Revealing an elusive metastable wurtzite CuFeS2 and the phase switching between wurtzite and chalcopyrite for thermoelectric thin films

As the alternative for the high-performance thermoelectric semiconductors such as GeTe, PbTe, and other compounds with rare and expensive elements, the cost-effective and abundant sulfides have been considered as one of the promising materials and garnered intensive interest. In this study, a rarely reported metastable wurtzite-type phase of CuFeS2 has been successfully obtained as thin film grown on quartz substrates via magnetron sputtering. Subsequent temperature-dependent depositions were performed to establish a phase transition between the metastable wurtzite and the chalcopyrite phase in the temperature range between room temperature and 473 K while maintaining the nominal composition ratio of CuFeS2. The wurtzite metastable analogue can be recovered and stabilized when the temperature reached 573 K and above. Thermoelectric properties were evaluated and constituted the first experimental result of the inorganic CuFeS2 thin film for thermoelectrics. The phase change between the wurtzite and chalcopyrite structure induced a significant effect on the thermoelectric properties associated with the lattice disorder and carrier scattering. The reduced thermal conductivity compared with bulk was demonstrated by the picosecond time-domain thermoreflectance method, which was found to be well correlated with the polycrystal sizes. The work provides new insight into synthesizing and manipulating the metastable wurtzite phase of the ternary I-III-VI for future applications in thermoelectrics, solar cells, and other elec-tronic applications.(C) 2022 The Author(s).
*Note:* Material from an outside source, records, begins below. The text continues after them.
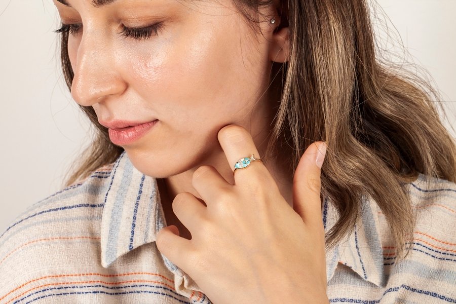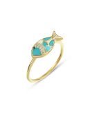 | Maden: Altın Renk: Sarı Ağırlık: 1.65 gr Ayar: 14K | Fiuze renk mine ile desenlendirilmiş zarif balık yüzük. |
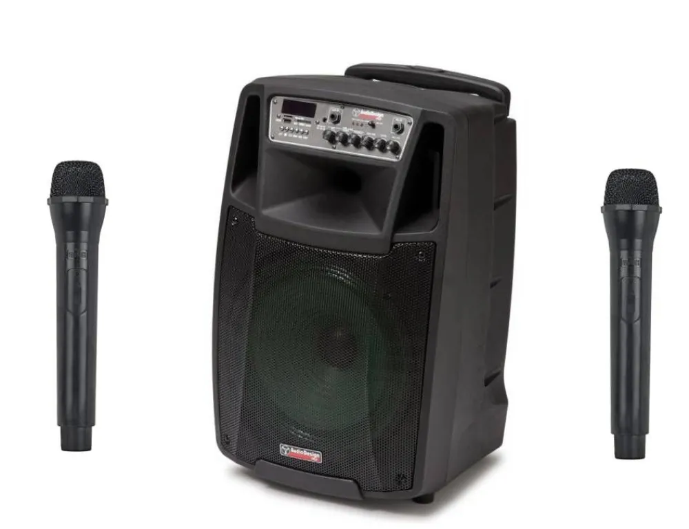 | Kaksi langatonta käsimikrofonia lupavapailla, ilmaisilla taajuuksilla |
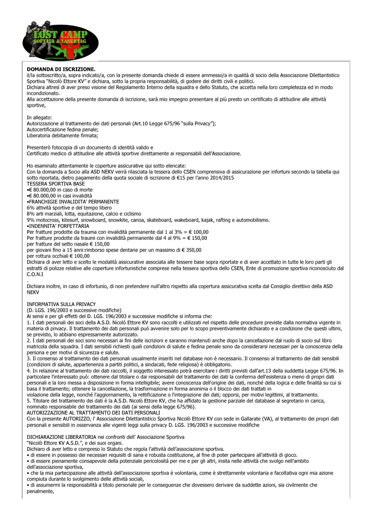 DOMANDA DI ISCRIZIONE. il/la sottoscritto/a, sopra indicato/a, con la presente domanda chiede di essere ammesso/a in qualità di socio della Associazione Dilettantistico Sportiva “Nicolò Ettore KV” e dichiara, sotto la propria responsabilità, di godere dei diritti civili e politici. Dichiara altresì di aver preso visione del Regolamento Interno della squadra e dello Statuto, che accetta nella loro completezza ed in modo incondizionato. Alla accettazione della presente domanda di iscrizione, sarà mio impegno presentare al più presto un certificato di attitudine alle attività sportive, In allegato: Autorizzazione al trattamento dei dati personali (Art.10 Legge 675/96 “sulla Privacy”); Autocertificazione fedina penale; Liberatoria debitamente firmata; Presenterò fotocopia di un documento di identità valido e Certificato medico di attitudine alle attività sportive direttamente ai responsabili dell'Associazione. Ho esaminato attentamente le coperture assicurative qui sotto elencate: Con la domanda a Socio alla ASD NEKV verrà rilasciata la tessera dello CSEN comprensiva di assicurazione per infortuni secondo la tabella qui sotto riportata, dietro pagamento della quota sociale di iscrizione di €15 per l’anno 2014/2015 TESSERA SPORTIVA BASE •€ 80.000,00 in caso di morte •€ 80.000,00 in casi invalidità •FRANCHIGIE INVALIDITA’ PERMANENTE 6% attività sportive e del tempo libero 8% arti marziali, lotta, equitazione, calcio e ciclismo 9% motocross, kitesurf, snowboard, snowkite, canoa, skateboard, wakeboard, kajak, rafting e automobilismo. •INDENNITA’ FORFETTARIA Per fratture prodotte da trauma con invalidità permanente dal 1 al 3% = € 100,00 Per fratture prodotte da traumi con invalidità permanente dal 4 al 9% = € 150,00 per fratture del setto nasale € 150,00 per giovani fino a 15 anni:rimborso spese dentarie per un massimo di € 350,00 per rottura occhiali € 100,00 Dichiara di aver letto e scelto le modalità assicurative associata alle tessere base sopra riportate e di aver accettato in tutte le loro parti gli estratti di polizze relative alle coperture infortunistiche comprese nella tessera sportiva dello CSEN, Ente di promozione sportiva riconosciuto dal C.O.N.I . Dichiara inoltre, in caso di infortunio, di non pretendere null’altro rispetto alla copertura assicurativa scelta dal Consiglio direttivo della ASD NEKV INFORMATIVA SULLA PRIVACY (D. LGS. 196/2003 e successive modifiche) Ai sensi e per gli effetti del D. LGS. 196/2003 e successive modifiche si informa che: 1. I dati personali dei soci della A.S.D. Nicolò Ettore KV sono raccolti e utilizzati nel rispetto delle procedure previste dalla normativa vigente in materia di privacy. Il trattamento dei dati personali può avvenire solo per lo scopo preventivamente dichiarato e a condizione che questi ultimi, se previsto, lo abbiano espressamente autorizzato. 2. I dati personali dei soci sono necessari ai fini delle iscrizioni e saranno mantenuti anche dopo la cancellazione dal ruolo di socio sul libro matricola della squadra. I dati sensibili richiesti quali condizioni di salute e fedina penale sono da considerarsi necessari per la conoscenza della persona e per motivi di sicurezza e salute. 3. Il consenso al trattamento dei dati personali usualmente inseriti nel database non è necessario. Il consenso al trattamento dei dati sensibili (condizioni di salute, appartenenza a partiti politici, a sindacati, fede religiosa) è obbligatorio. 4. In relazione al trattamento dei dati raccolti, il soggetto interessato potrà esercitare i diritti previsti dall'art.13 della suddetta Legge 675/96. In particolare l'interessato può: ottenere dal titolare o dai responsabili del trattamento dei dati la conferma dell'esistenza o meno di propri dati personali e la loro messa a disposizione in forma intelligibile; avere conoscenza dell'origine dei dati, nonché della logica e delle finalità su cui si basa il trattamento; ottenere la cancellazione, la trasformazione in forma anonima o il blocco dei dati trattati in violazione della legge, nonché l'aggiornamento, la rettificazione o l'integrazione dei dati; opporsi, per motivi legittimi, al trattamento. 5. Titolare del trattamento dei dati è la A.S.D. Nicolò Ettore KV, che ha affidato la gestione parziale del database al segretario in carica, nominato responsabile del trattamento dei dati (ai sensi della legge 675/96). AUTORIZZAZIONE AL TRATTAMENTO DEI DATI PERSONALI Con la presente AUTORIZZO, l’ Associazione Dilettantistico Sportiva Nicolò Ettore KV con sede in Gallarate (VA), al trattamento dei propri dati personali e sensibili in osservanza alle vigenti leggi sulla privacy D. LGS. 196/2003 e successive modifiche DICHIARAZIONE LIBERATORIA nei confronti dell’ Associazione Sportiva “Nicolò Ettore KV A.S.D.”, e dei suoi organi. Dichiaro di aver letto e compreso lo Statuto che regola l’attività dell’associazione sportiva. • di essere in possesso dei necessari requisiti di sana e robusta costituzione, al fine di poter partecipare all’attività di gioco. • di essere pienamente consapevole della potenziale pericolosità per me e per gli altri, insita nelle attività che svolgo nell’ambito dell’associazione sportiva, • che la mia partecipazione alle attività dell’associazione sportiva è volontaria, come è strettamente volontaria e facoltativa ogni mia azione compiuta durante lo svolgimento delle attività sociali, • di assumermi la responsabilità a titolo personale per le conseguenze che dovessero derivare da suddette azioni, sia civilmente che penalmente, • di essere a conoscenza di tutte le normative di legge vigenti inerenti la pratica del gioco denominato Soft-Air e di tutte le normative inerenti l’uso degli strumenti di gioco, in particolare: repliche giocattolo ad aria compressa per la pratica specifica del Soft-Air. • che sono a conoscenza di tutte le regole sulla sicurezza che disciplinano le attività dell’associa
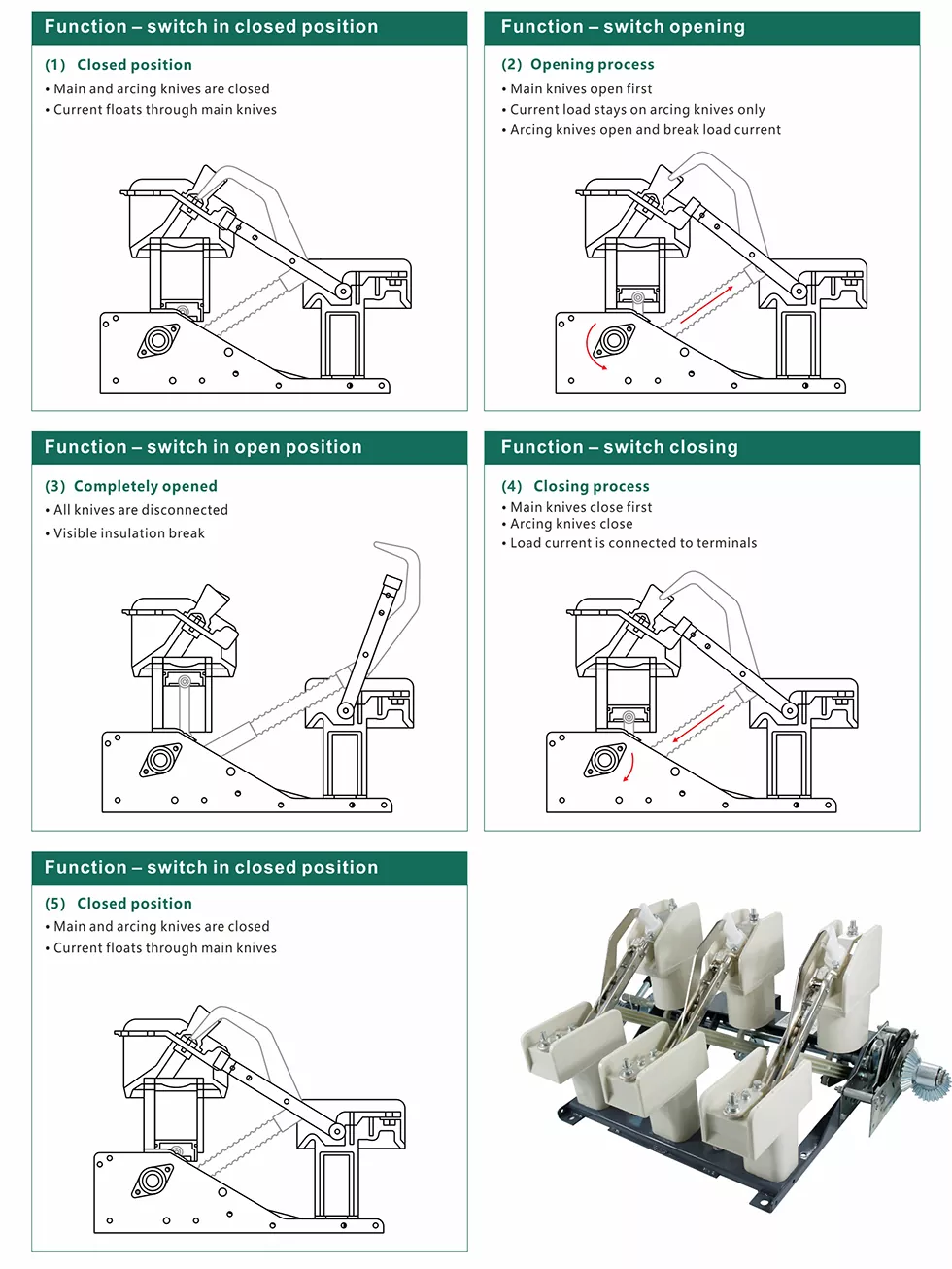 Внутренний нагрузочный переключатель FN18-24-KV FN18-24KV предназначен для подключения и отключения цепей в нормальных условиях тока, работая непрерывно в условиях неисправности, уменьшает ток до его уровня закрытия неисправности и работает в сочетании с предохранителями.

Published by Elsevier Ltd on behalf of Acta Materialia Inc.

Automated summary

In this study, a rarely reported metastable wurtzite-type phase of CuFeS2 thin film was successfully obtained and a phase transition between the metastable wurtzite and the chalcopyrite phase was observed. The phase change significantly affected the thermoelectric properties. It was found that the wurtzite phase could be recovered and stabilized between room temperature and 473 K. Additionally, the reduced thermal conductivity of the thin film compared with bulk was demonstrated, which was correlated with the polycrystal sizes.